BACKGROUND: West Nile virus (WNV) is a mosquito-borne flavivirus, first detected in the Western Hemisphere in 1999 and spread across North America over the next decade. Though endemic in the most populous areas of North America, few studies have estimated the healthcare costs associated with WNV. The objective of this study was to determine direct healthcare costs attributable to WNV illness in Ontario, Canada. METHODS: We conducted a cost-of-illness study on incident laboratory confirmed and probable WNV infected subjects identified from the provincial laboratory database from Jan 1, 2002 through Dec 31, 2012. Infected subjects were linked to health administrative data and matched to uninfected subjects. We used phase-of-care methods to calculate costs for 3 phases of illness: acute infection, continuing care, and final care prior to death. Mean 10-day attributable costs were reported in 2014 Canadian dollars, per capita. Sensitivity analysis was conducted to test the impact of WNV neurologic syndromes on healthcare costs. RESULTS: One thousand five hundred fifty-one laboratory confirmed and probable WNV infected subjects were ascertained; 1540 (99.3%) were matched to uninfected subjects. Mean age of WNV infected subjects was 49.1 ± 18.4 years, 50.5% were female. Mean costs attributable to WNV were $1177 (95% CI: $1001, $1352) for acute infection, $180 (95% CI: $122, $238) for continuing care, $11,614 (95% CI: $5916, $17,313) for final care - acute death, and $3199 (95% CI: $1770, $4627) for final care - late death. Expected 1-year costs were $13,648, adjusted for survival. Three hundred seventeen infected subjects were diagnosed with at least one neurologic syndrome and greatest healthcare costs in acute infection were associated with encephalitis ($4710, 95% CI: $3770, $5650). CONCLUSIONS: WNV is associated with increased healthcare resource utilization across all phases of care. High-quality studies are needed to understand the health system impact of vector-borne diseases and evaluate the cost effectiveness of novel WNV interventions.
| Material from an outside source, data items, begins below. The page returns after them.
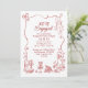 The retro-inspired burgundy red doodles and lighthearted vibe reflect the couple’s unique spirit — fun, sweet, and ready to celebrate. This invite is all about great food, better company, and kicking off the road to “I do” with a toast and a happy dance. Cheers to love, laughter, and doodles!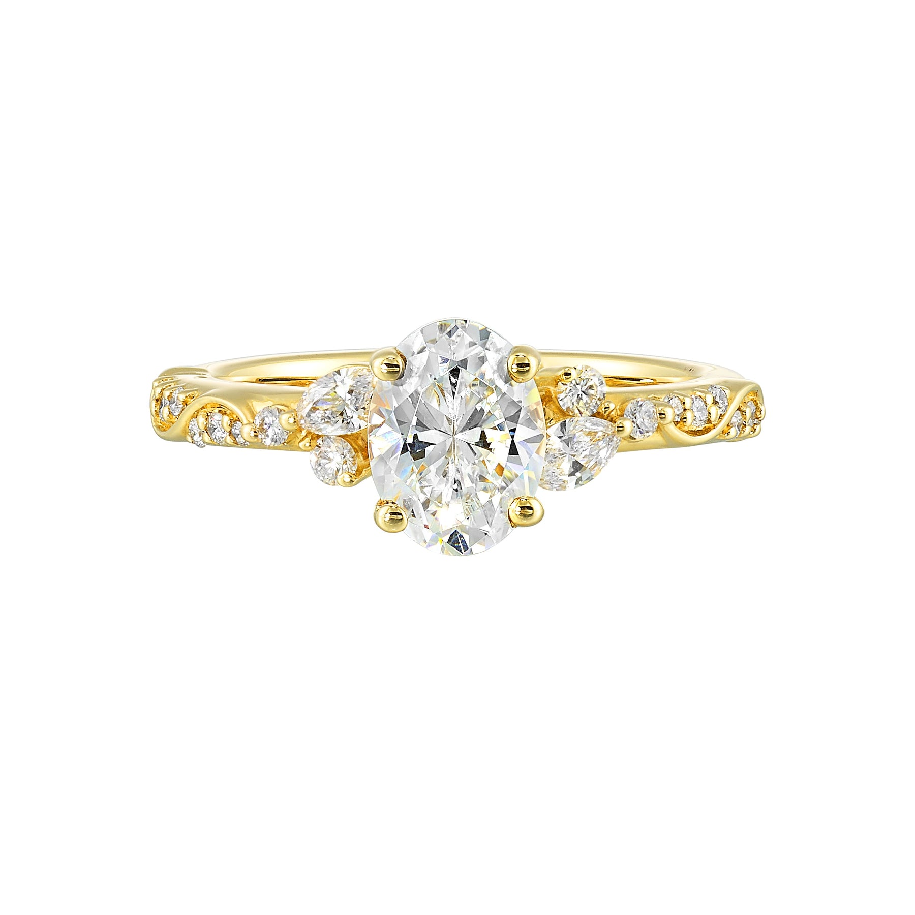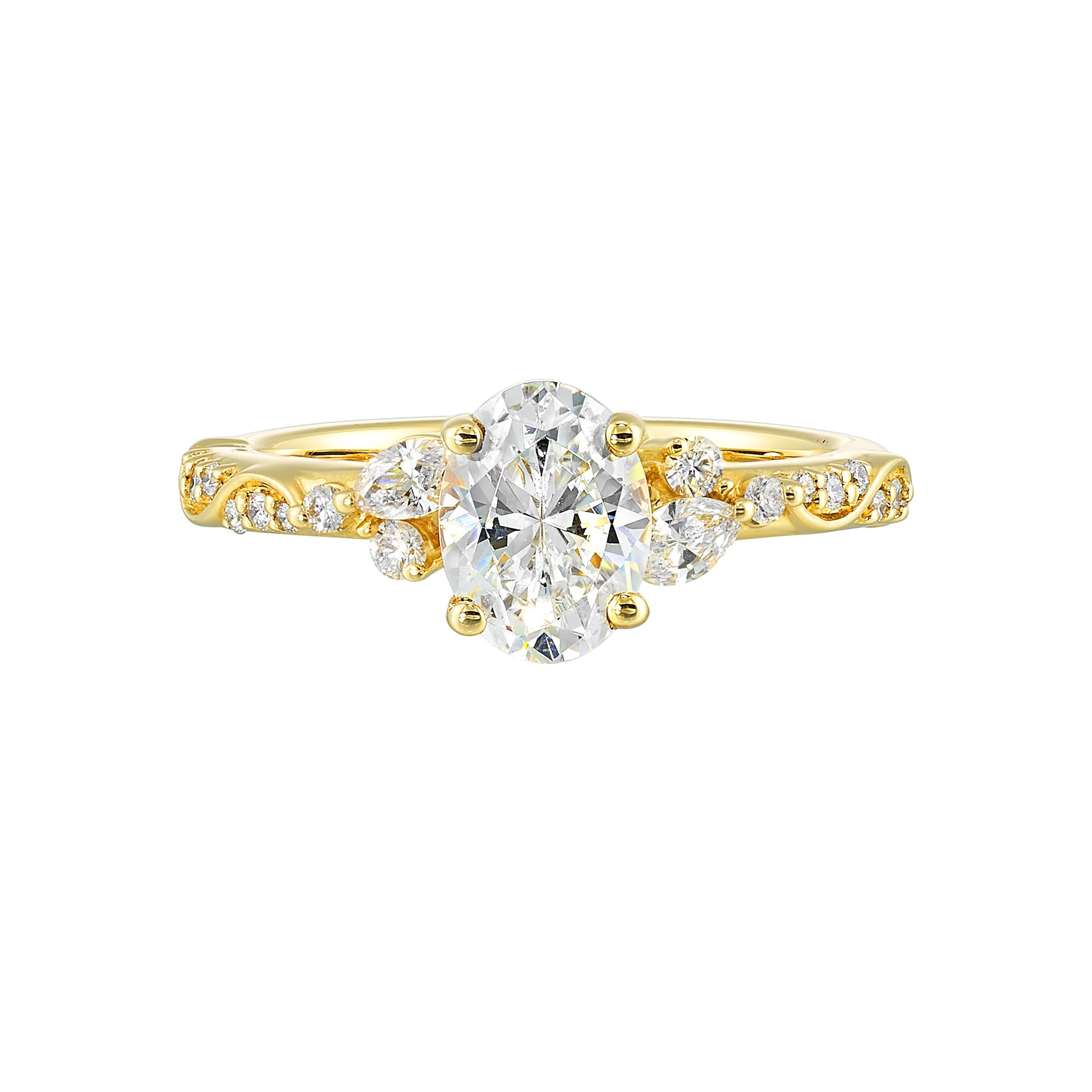 14Kt Yellow Semi Mount 1/4Ctw For 1Ctw Oval Center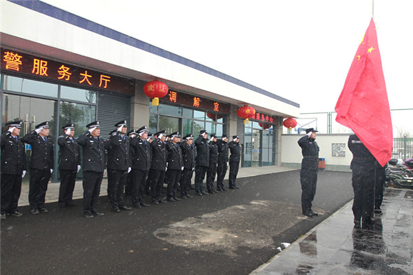 2月8日上午8時(shí)50分,根據(jù)第三次“忠誠教育周”活動(dòng)安排,園區(qū)分局全體民警、輔警在分局辦公大樓前冒著大雪舉行升國旗等“忠誠教育周 ”主題活動(dòng)。

Estimating direct healthcare costs attributable to laboratory-confirmed Lyme disease in Ontario, Canada: A population-based matched cohort study using health administrative data.
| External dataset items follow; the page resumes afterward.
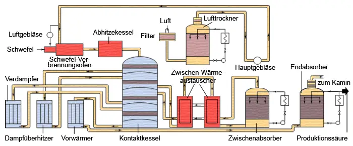 Grundstoff für die Schwefelsäureherstellung ist häufig elementarer Schwefel, der in großen Mengen (2007: 66 Millionen Tonnen) bei der Entschwefelung von Erdgas und Rohöl anfällt und nach dem Claus-Prozess aufgearbeitet wird oder nach dem Frasch-Verfahren abgebaut wird. Dieser wird an der Luft verbrannt, um Schwefeldioxid als Ausgangsstoff für die eigentliche Darstellung zu gewinnen.
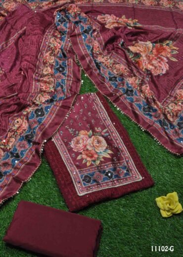 Thanushmitha – 11102-I Violet Color Geometric Pattern Dupatta and Top Fabric with Mirror work CM1317382 (LR2E)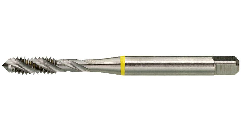 876. Materjaliga kohandatud keermepuur. (Kollane) rauale, pehmele terasele, konstruktsiooni- ja madalalt legeeritud terasele kuni 800 N/mm². Parema käe spiraalsoon toob laastud ava pinnale välja. Umbavade keermestamiseks. Spiraalinurk 40°.

The objective of this study was to determine healthcare costs attributable to laboratory-confirmed Lyme disease (LD) from the healthcare payer perspective in Ontario, Canada. A cost-of-illness study was conducted for incident LD subjects from 1 January 2006 through 31 December 2013 ascertained from provincial laboratory and reportable disease databases, linked to health administrative data. All LD subjects included were laboratory-confirmed, according to provincial case definitions. Incident LD subjects were propensity-score matched to uninfected subjects on age, sex, comorbidities and urban/rural status. We used phase-of-care methods to calculate attributable costs for two phases of illness: initial care (≤30 days following "index date") and continuing care (>30 days after index date to the end of the follow-up period). A total of 663 incident, confirmed LD subjects were identified from 2006 through 2013. Mean age was 44.2 ± 20.1 years; 339 (51.1%) were female; and 31 (4.7%) were hospitalized ≤30 days after index date. Six hundred fifty-eight (99.2%) LD subjects were matched to uninfected subjects; mean follow-up time was 3.3 years. Mean attributable costs per case during the initial care phase and continuing care were $277 (95% CI: $197, $357) and -$5 (-$27, $17), respectively. Attributable costs per LD subject aged 5-14 years were $440 ($132, $747), greater than the costs observed for other age strata. Expected 1-year attributable costs were $832, given continuing care costs were negligible. Limitations to our study include estimating costs using a cohort of only laboratory-confirmed LD cases, introducing selection bias for diagnosed and treated patients who may have a lower risk of developing sequelae. In conclusion, the initial care phase of LD is associated with increased healthcare costs, but without significant costs attributable to LD infection after 30 days. Estimates of costs attributable to LD are important for healthcare resource prioritization and the evaluation of novel interventions.